Serious incident review at Kettering General Hospital after accidental death of great-great-grandmother

Kettering General Hospital
Kettering General Hospital

A serious incident review has been carried out at Kettering General Hospital and changes made after the death of a great-great-grandmother.

Ivy Brayfield, 88, died last November after being in hospital for ten days.

Hospital bosses have admitted failures after the former army cook died after suffering two falls in three days.

An inquest heard doctors should have put in place a ‘five step action plan’ when the pensioner was identified as at risk of a fall but it wasn’t.

Staff also failed to carry out a full mental capacity test after Mrs Brayfield scored only four out of ten in a list of simple questions.

A serious incident review was carried out at Kettering General Hospital and bosses told the inquest changes have been made.

Recording a verdict of accidental death, assistant Coroner for Northampton Hassan Shah said: “It is clear that lessons have been learnt and I hope the recommendation in this report are implemented.”

Penny Brett, director of nursing and quality at the hospital who carried out the review, said: “There was no implementation of action. A care force bundle, which is a five step action plan should have been actioned when a fall risk has been identified.

“These preventative measure were not taken. They include providing a low-rise bed, which may or may not have helped, anti-slip slipper, and observatory beds. In some respects some of this was carried out because Mrs Brayfield was given anti-slip slippers but this wasn’t documented.”

She said that a number of recommendations have been put in place, including launching a fall prevention campaign.

But Mrs Brayfield’s family feel let down by the hospital and say her death could have been “prevented”.

Her daughter retired cleaner Liz Swannell, 59, said: “We feel that she could have had one last Christmas with us playing with her grandchildren.

“She died because of a fall and they have admitted that could have been prevented. We feel they robbed us of one final Christmas with her.

“But we’re happy that changes seem to have been made and as the coroner said I just hope these are implemented to stop this happening to someone else.

“We are very disappointed with the hospital and the care our mother received.”

Mrs Brayfield, who was suffering with the early stages of dementia, was admitted to hospital last November 10.

The widow, who also had thyroid problems and chronic obstructive pulmonary disease (COPD), had been regularly vomiting and suffering with severe headaches. She underwent a CT scan and was found to be suffering from advanced cancer of the left lung and kidney.

The coroner’s court in Kettering heard Mrs Brayfield, from Little Harrowden, was confused and restless when she was admitted to hospital.

On November 16 she fell from the the chair next to her bed and suffered a cut to her eyebrow.

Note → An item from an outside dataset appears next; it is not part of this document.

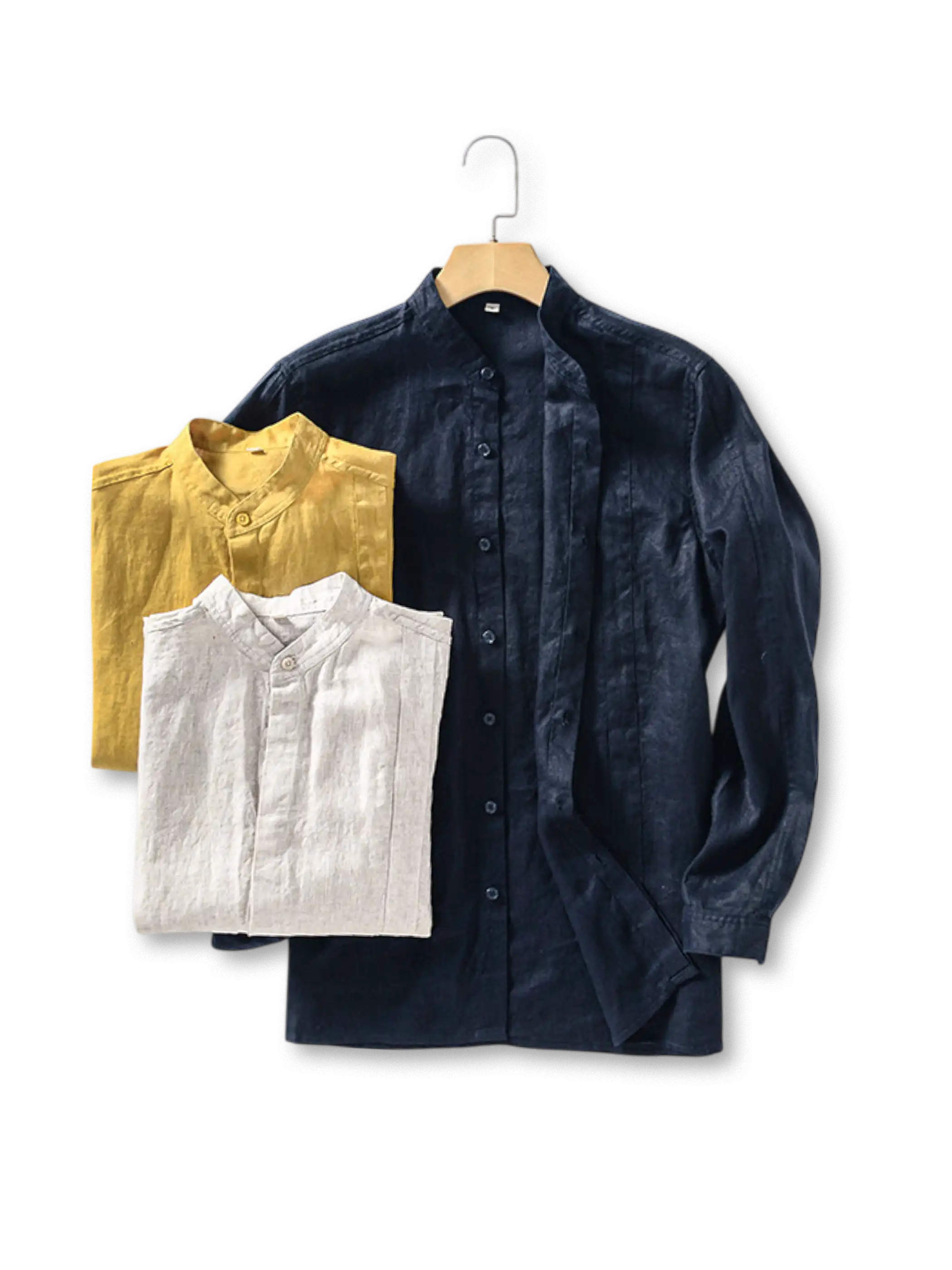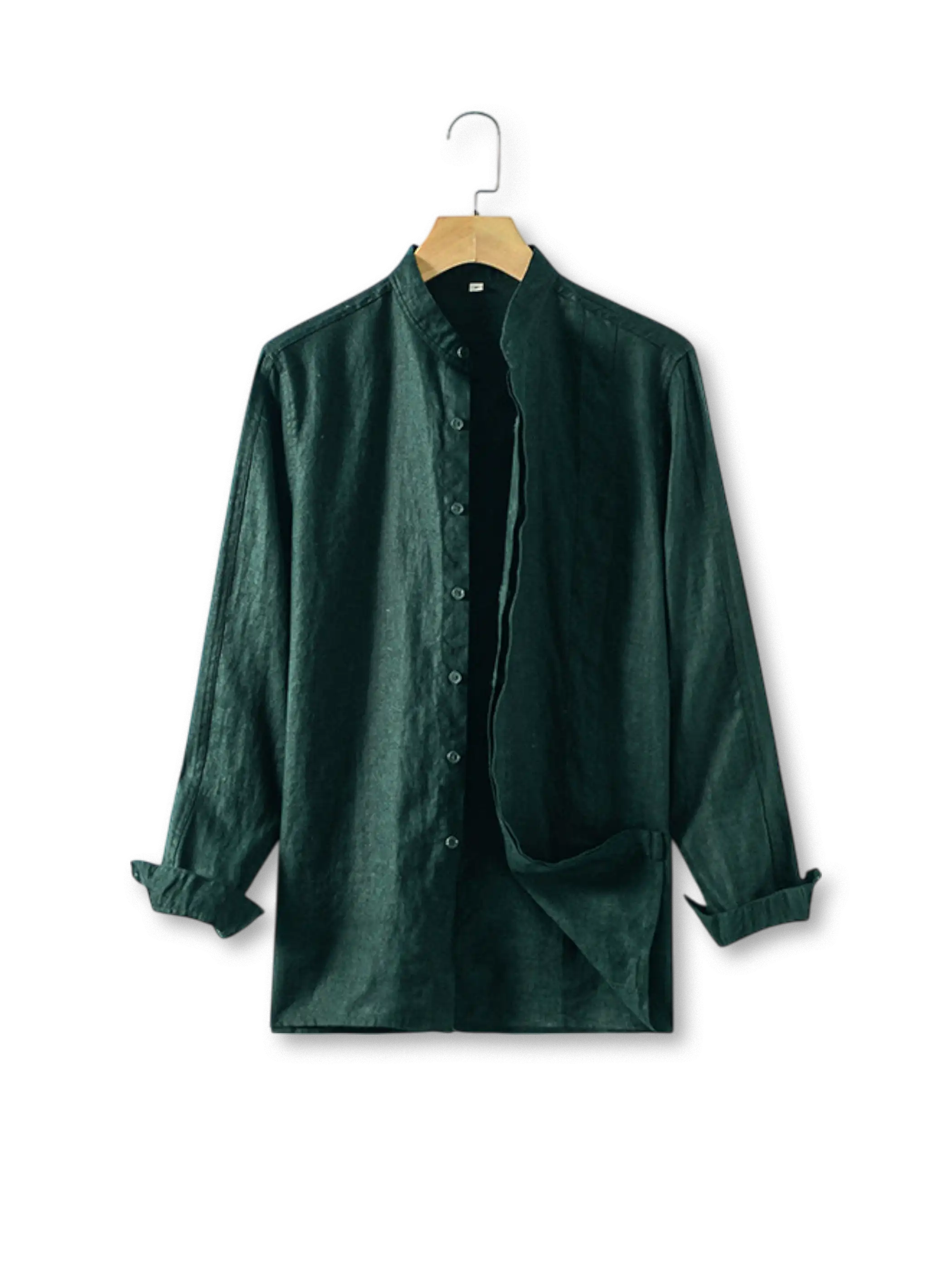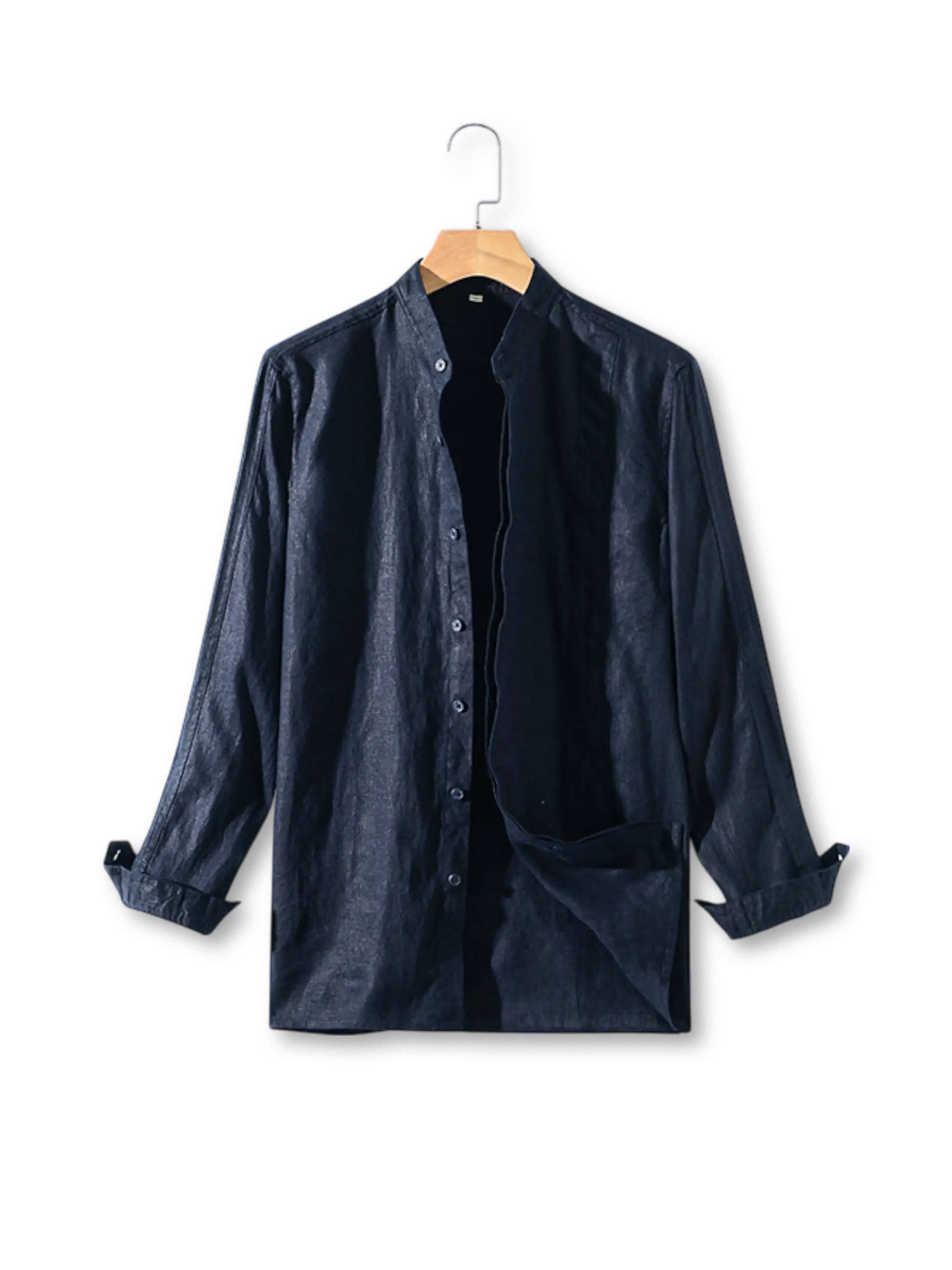 天然リネンが生む清涼感と抜群の吸湿性で、一日中爽やかな着心地を約束するカジュアルリラックスシャツ。

Three days later she fell again but this time it resulted in a massive head injury that was made worse because she was taking Warfarin, a drug which thins the blood.

Her family has criticised the hospital after staff took more than four hours to contact them. And it took until midnight for Mrs Brayfield to be seen by a doctor after the fall at 9.40pm.

A CT scan showed the fall had left Mrs Brayfield with a left subdural hematoma and hemorrhage.

A pathologist told the inquest the delay in having a CT scan and a drug being administered to reverse the effects of the Warfarin would not have changed the outcome.

Senior house officer Dr Bebitha Markose told the inquest Mrs Brayfield was not prioritised as another patient would have “died straight away” if they had not been seen first.

But the hospital apologised to Mrs Brayfield’s family and admitted staff should have escalated the call further to access another doctor.

Mrs Brayfield had five grandchildren, eight great grandchildren and one great great grandchild.

A spokesman for Kettering General Hospital said: “The Trust has sincerely apologised to Mrs Brayfield’s family. It carried out a thorough review into the circumstances of her care and has taken a series of actions to address the issues raised.”